Task brief → The reply should be an exact repeat of the listing, with no pictures in it.

Recorded data →
======

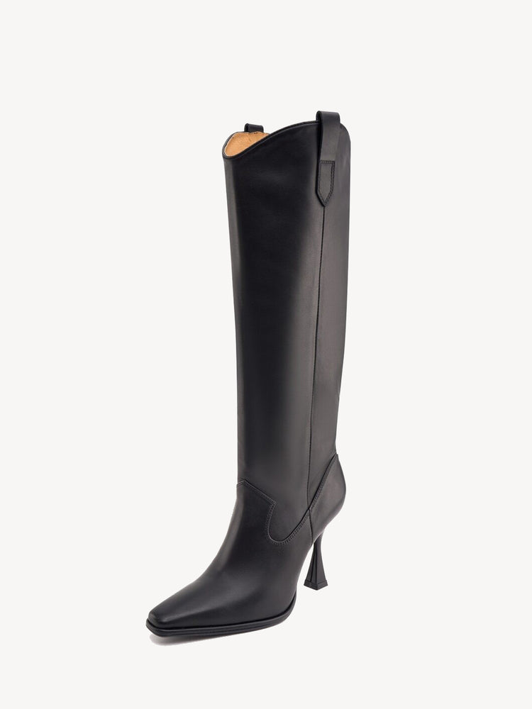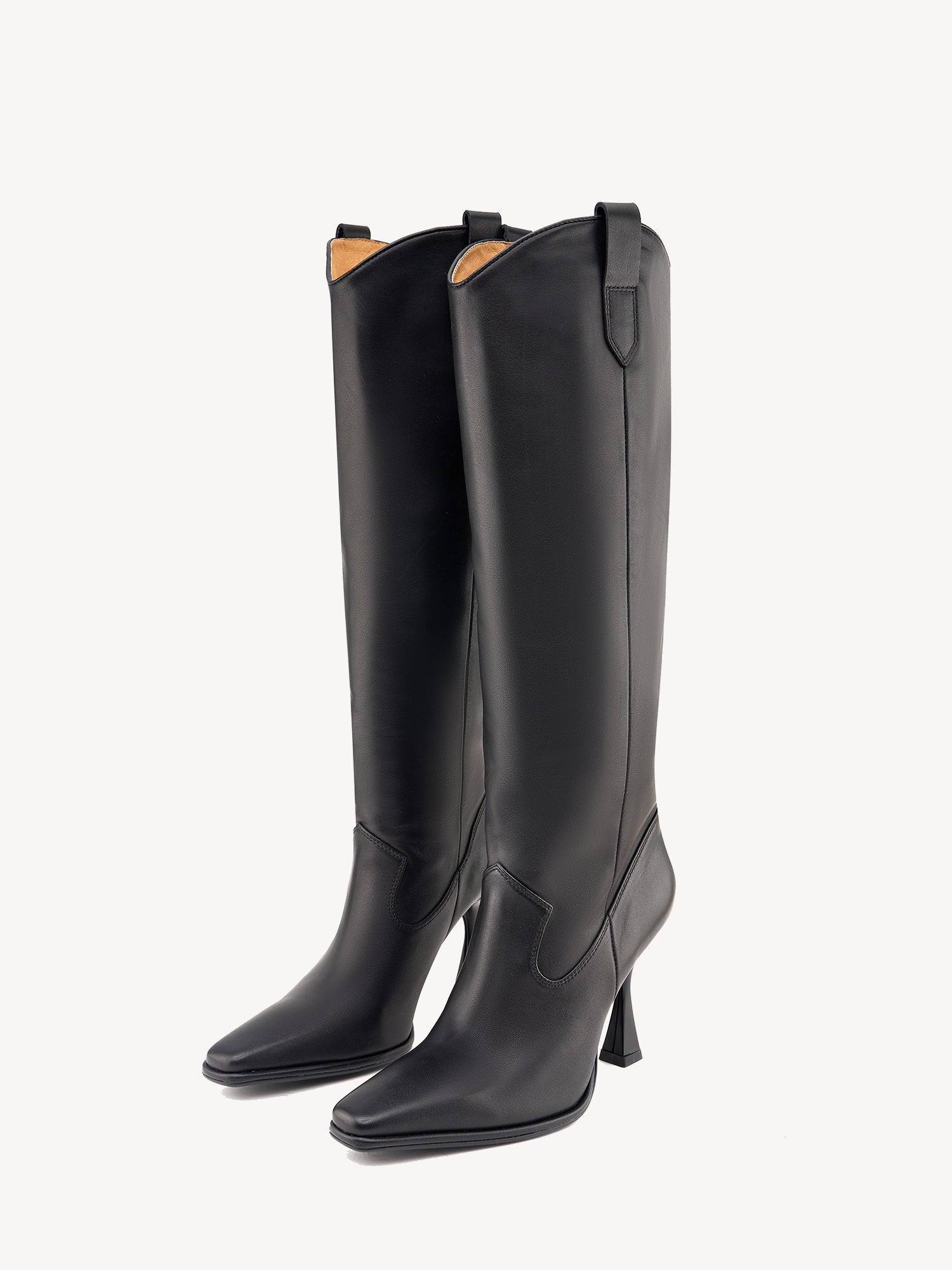 Sleek knee-length boots with a pointed toe and sculpted heel
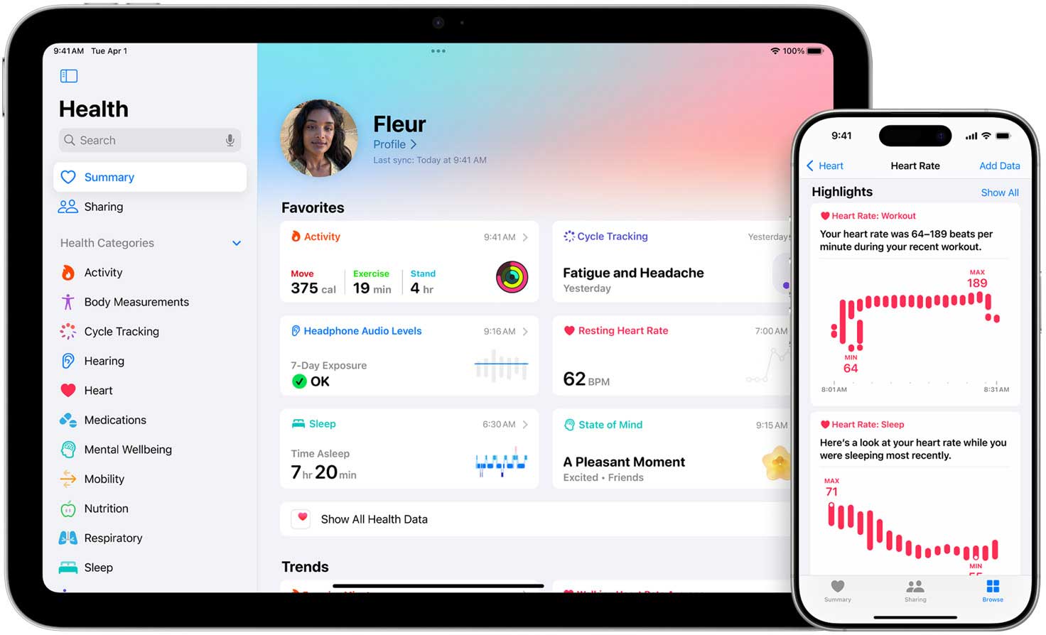 L’app di Apple permette di raccogliere dati sanitari importanti, come farmaci, sonno, attività e altro ancora, in un unico posto sicuro a cui è facile accedere da iPhone e iPad; fornisce inoltre grafici interattivi e analisi avanzate dei trend, in modo da poter monitorare e visualizzare i dati nel tempo
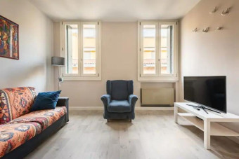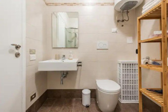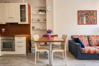E' stato rinnovato da poco ed è composto da 1 camera silenziosa, bagno con antibagno e da un ampio soggiorno con cucinotto.
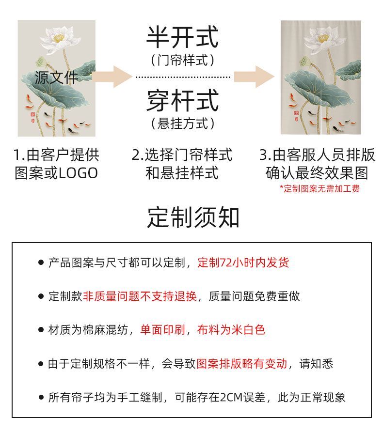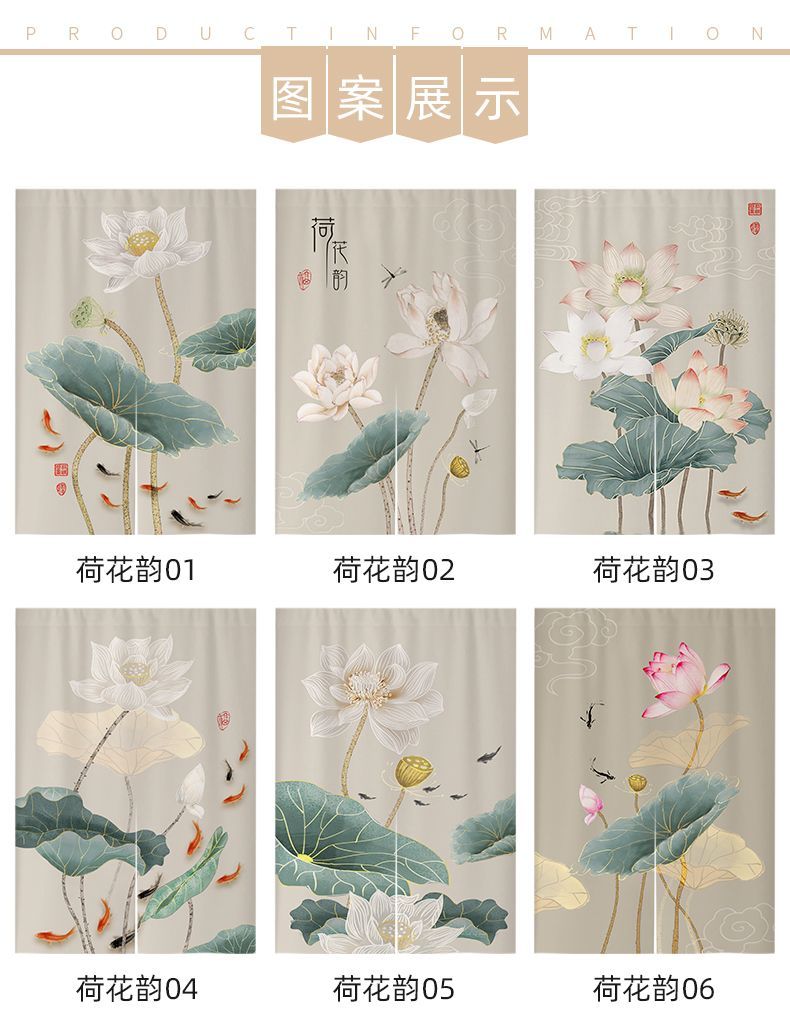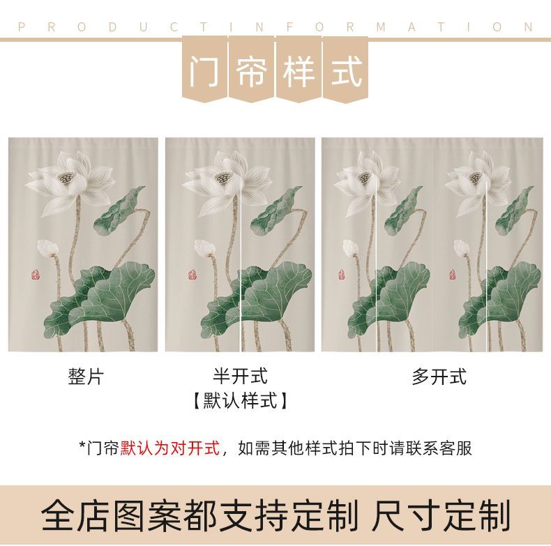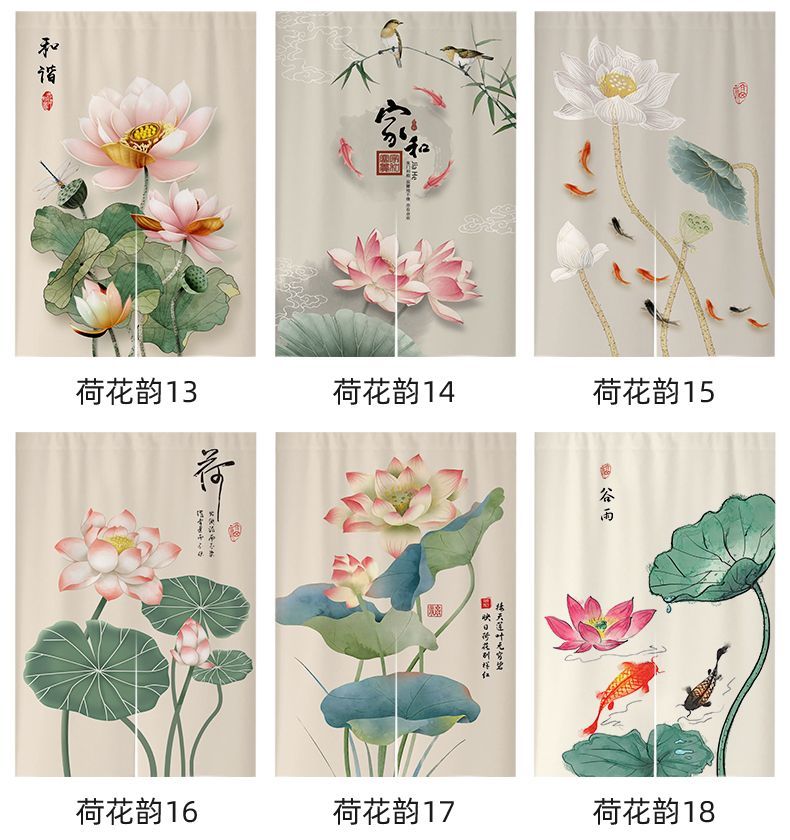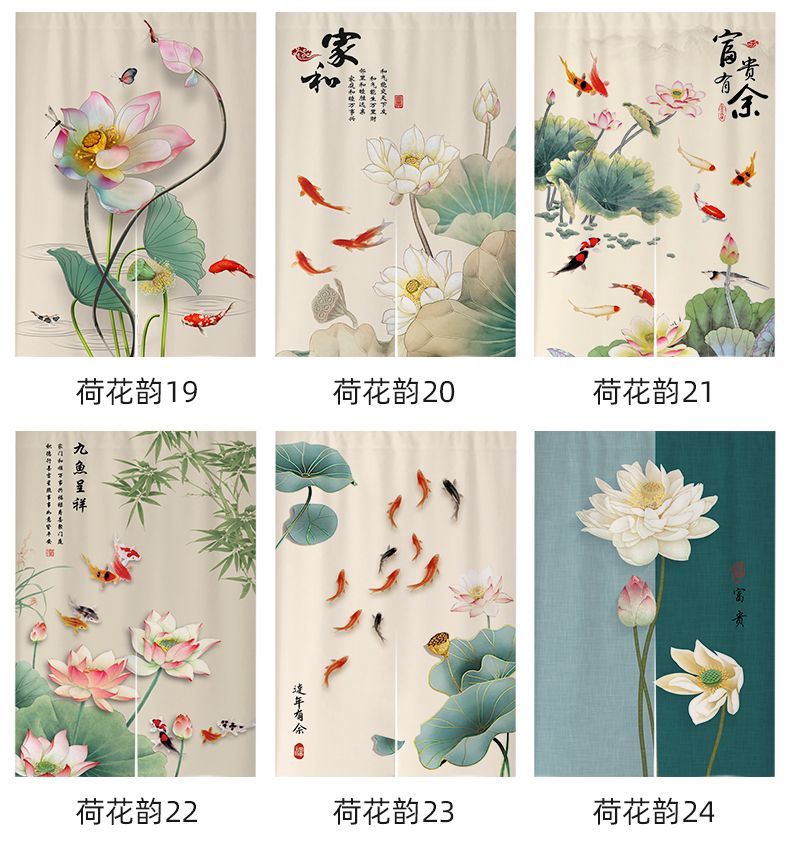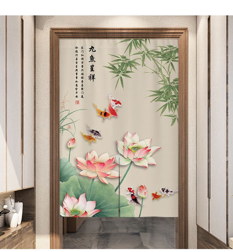 中式荷花门帘布帘卧室厕所门对门化解挂帘大门厨房卫生间隔断半帘

======

Output for this exercise →
 Sleek knee-length boots with a pointed toe and sculpted heel
 L’app di Apple permette di raccogliere dati sanitari importanti, come farmaci, sonno, attività e altro ancora, in un unico posto sicuro a cui è facile accedere da iPhone e iPad; fornisce inoltre grafici interattivi e analisi avanzate dei trend, in modo da poter monitorare e visualizzare i dati nel tempo
E' stato rinnovato da poco ed è composto da 1 camera silenziosa, bagno con antibagno e da un ampio soggiorno con cucinotto.
 中式荷花门帘布帘卧室厕所门对门化解挂帘大门厨房卫生间隔断半帘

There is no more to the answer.